Apart from the applicant stating that she now has the burden of caring for the two children alone, she has not said what loss she will suffer if stay is not granted. Neither did she state whether, if the decretal sum of Kshs.59,115/= is paid to the respondent, it cannot be refunded. In his affidavit in reply to the application, the respondent went ahead and exhibited a bank statement from Co-operative Bank, CNN7 which indicates that he earns a salary and is not an impecunious man and would not be unable to refund the decretal sums in the event the appeal succeeds.
I find that the applicant has not demonstrated that she will suffer any loss if an order of stay is not granted.
As regards security, the applicant did not allude to offering any security so that the court could determine what security was sufficient.
Whether this application was filed within reasonable time, the ruling was read on 12/8/2019. The appeal was filed on 10/9/2019, but this application was not filed until 25/11/2019, just over three months since the ruling was read. The applicant did not offer any explanation why the delay of over three months. The respondent exhibited four letters dated 7/6/2019, 4/6/2019, 2/9/2019 and 17/10/2019 in which the applicant was requested to settle the said sums to no avail.

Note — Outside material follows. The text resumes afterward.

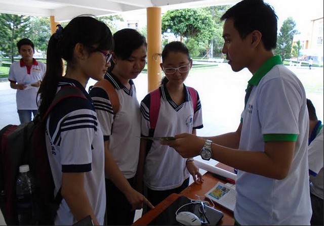 Cộng tác viên cuộc thi tuyên truyền thông tin cho cuộc thi tại cơ sở A - ĐH Kinh tế TP.HCM
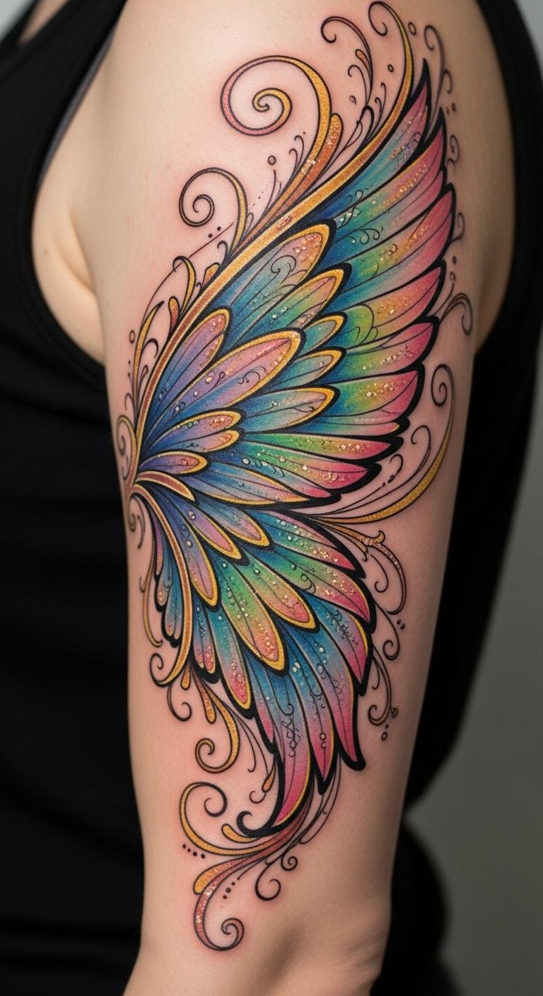 Colorful Wing Tattoo

Instead, the applicant came to court after the respondent had shown an intention to execute. The delay of over three months has not been explained and this court finds that there was inordinate delay in filing this application.
In the end, I find that the applicant totally failed to meet the threshold for the grant of an order of stay under Order 42 Rule 6 Civil Procedure Rules. The application lacks merit and is hereby dismissed. Costs to the respondent.
Dated, Signed and Delivered at NYAHURURU this 23rd day of July, 2020.